So notwithstanding the buoyant share price, we think it's well worth asking whether American Manganese's cash burn is too risky. In this article, we define cash burn as its annual (negative) free cash flow, which is the amount of money a company spends each year to fund its growth. Let's start with an examination of the business' cash, relative to its cash burn.

View our latest analysis for American Manganese

When Might American Manganese Run Out Of Money?

A company's cash runway is calculated by dividing its cash hoard by its cash burn. In April 2021, American Manganese had CA$6.1m in cash, and was debt-free. In the last year, its cash burn was CA$1.6m. That means it had a cash runway of about 3.8 years as of April 2021. A runway of this length affords the company the time and space it needs to develop the business. The image below shows how its cash balance has been changing over the last few years.

debt-equity-history-analysis
TSXV:AMY Debt to Equity History August 21st 2021

How Is American Manganese's Cash Burn Changing Over Time?

American Manganese didn't record any revenue over the last year, indicating that it's an early stage company still developing its business.
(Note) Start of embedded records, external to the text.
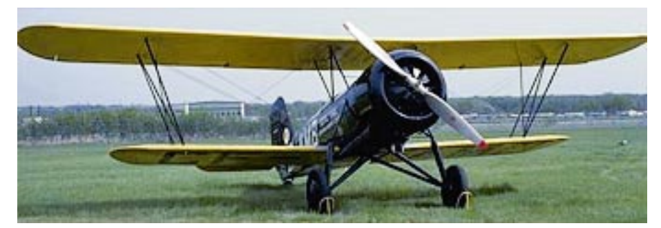
Stearman 4EM Junior Speedmail

It had an automatic pilot, could fly safely on one engine and had retractable landing gear. The 247 made all other airliners obsolete. It even flew faster than the military aircraft of its time. The Lockheed 10A Electra was Trans-Canada Air Lines' first new airplane delivered in 1937. TCA started up with two secondhand Electras and a Stearman Model 4 mailplane.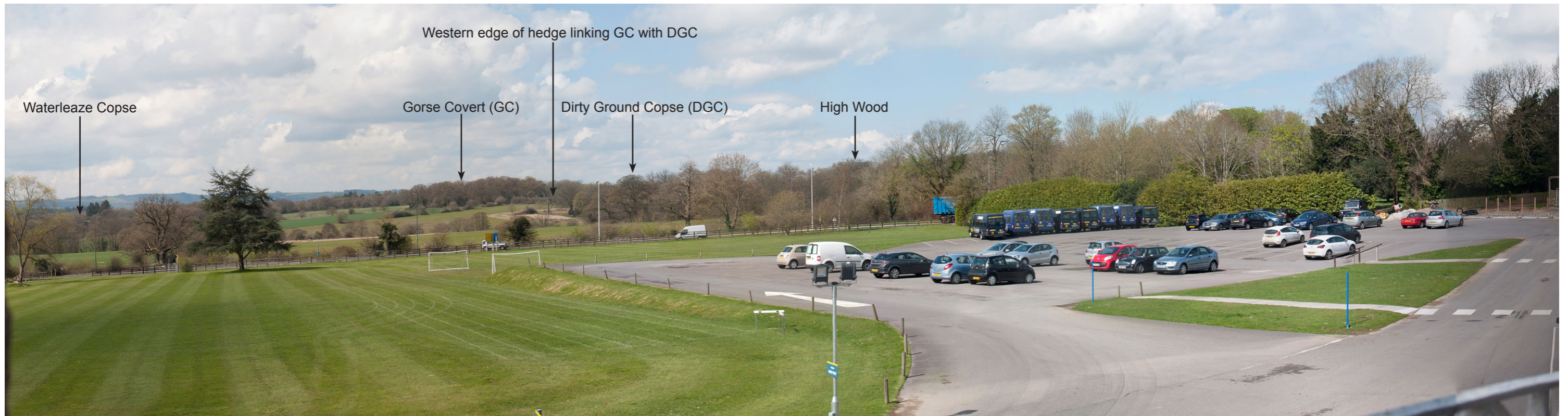
Viewpoint 8b: Existing view from Sandelford Priory, First floor window from St Gabriel's School looking west towards the site.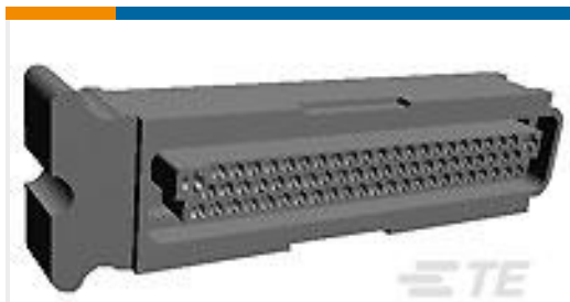
TE Part #963598-1 MICRO-T/JPT GH66/2P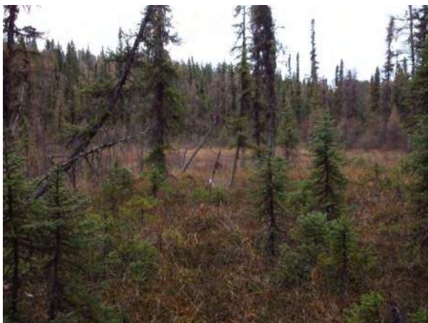
Black Spruce Bog

Beside the trail here you will see Labrador tea, sphagnum moss, horse-tails and lingonberry. These are all important plants to First Nations people in the region, and have been for thousands of years.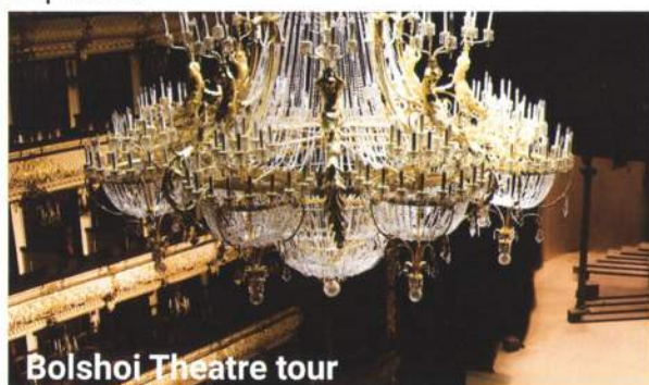
Bolshoi Theatre tour

Our wide selection of Moscow Tours include visits to the Grand Kremlin Palace, the Bolshoi Theatre, the Chocolate Factory, Moscow Film Studio, Stalin's Bunker and specialized Russian Revolution and Soviet Moscow tours, as well as many others. We can also cater tours to your specific requests.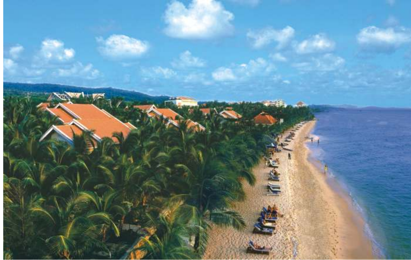
Phu Quoc Beach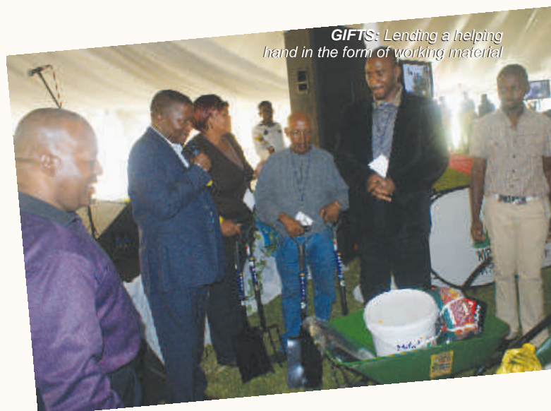
GIFTS: Lending a helping hand in the form of working material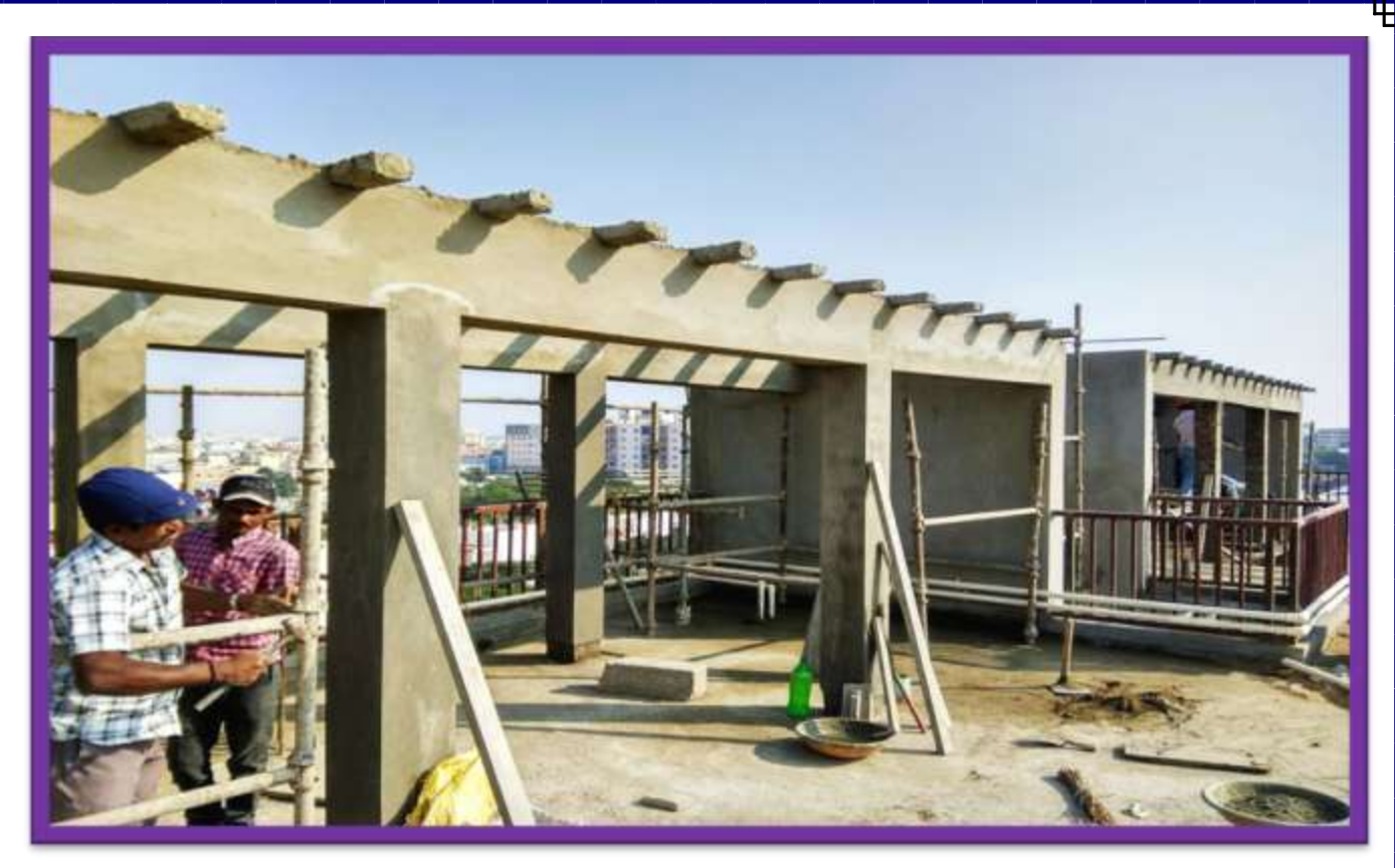
ELEVATION PERGOLA WORK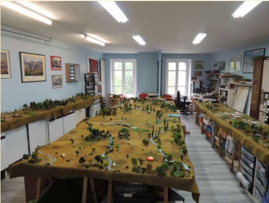
from 2019 game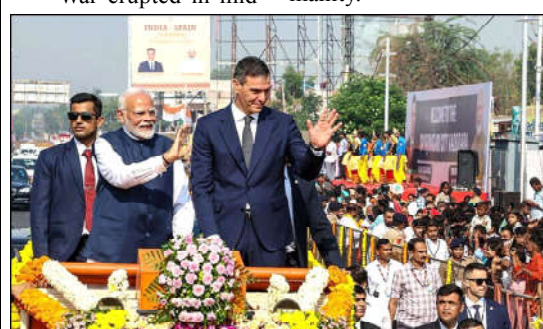
Spanish Prime Minister Pedro Sanchez with his Indian counterpart Narendra Modi waving to crowd in India's Gujarat.

UNITED NATIONS: Secretary-General Antonio Guterres appealed to the Security Council on Monday for its support to help protect civilians in war-torn Sudan, but said conditions are not right for deployment of a UN force. "The people of Sudan are living through a nightmare of violence — with thousands of civilians killed, and countless others facing unspeakable atrocities, including widespread rape and sexual assaults," Guterres told the 15-member council. War erupted in mid-April 2023 from a power struggle between the Sudanese army and the paramilitary Rapid Support Forces ahead of a planned transition to civilian rule, and triggered the world's largest displacement crisis. "Sudan is, once again, rapidly becoming a nightmare of mass ethnic violence," Guterres said, referring to a conflict in Sudan's Darfur region about 20 years ago that led to the International Criminal Court charging former Sudanese leaders with genocide and crimes against humanity.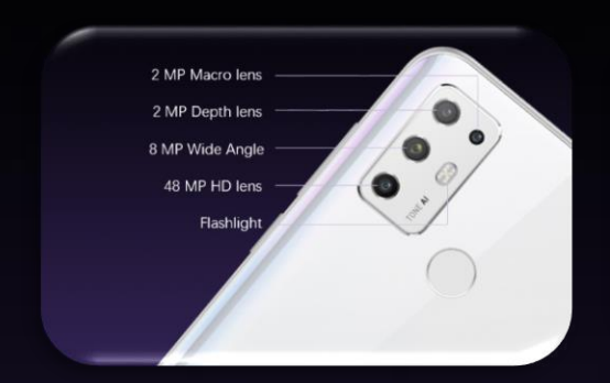
48 MP HD Penta Camera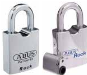
ABUS 83/60 Series Security Level 3 (SL3)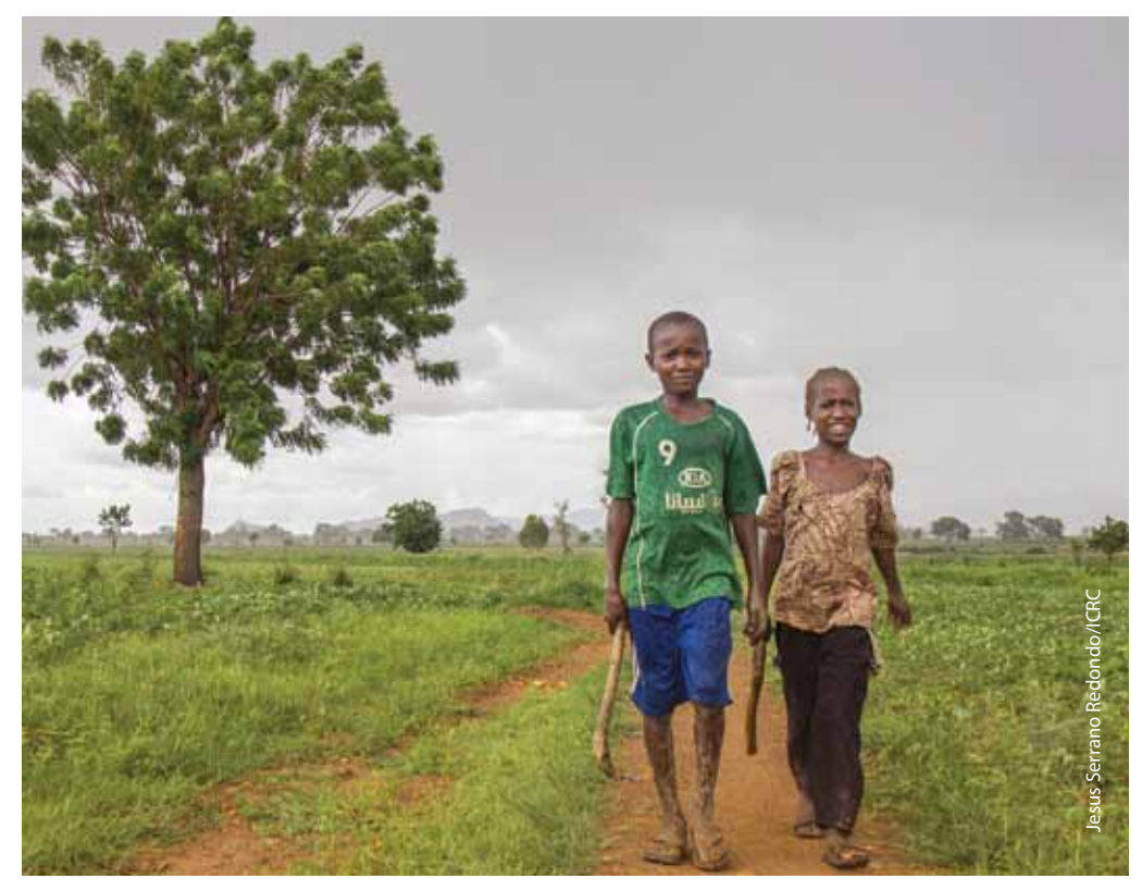
Adamawa State, Mubi. When the conflict reached Mubi at the end of 2014, children were among the more than 40,000 people who fled on foot over 200 km to neighbouring Cameroon, before returning to Mubi in 2015.

Recommendation 41: Existing protection mechanisms, such as the National Human Rights Commission Protection Monitoring Project, should be strengthened and should prioritise efforts to monitor the voluntariness of return.

So while we can't look to sales to understand growth, we can look at how the cash burn is changing to understand how expenditure is trending over time. During the last twelve months, its cash burn actually ramped up 57%. Oftentimes, increased cash burn simply means a company is accelerating its business development, but one should always be mindful that this causes the cash runway to shrink. American Manganese makes us a little nervous due to its lack of substantial operating revenue. So we'd generally prefer stocks from this list of stocks that have analysts forecasting growth.

Can American Manganese Raise More Cash Easily?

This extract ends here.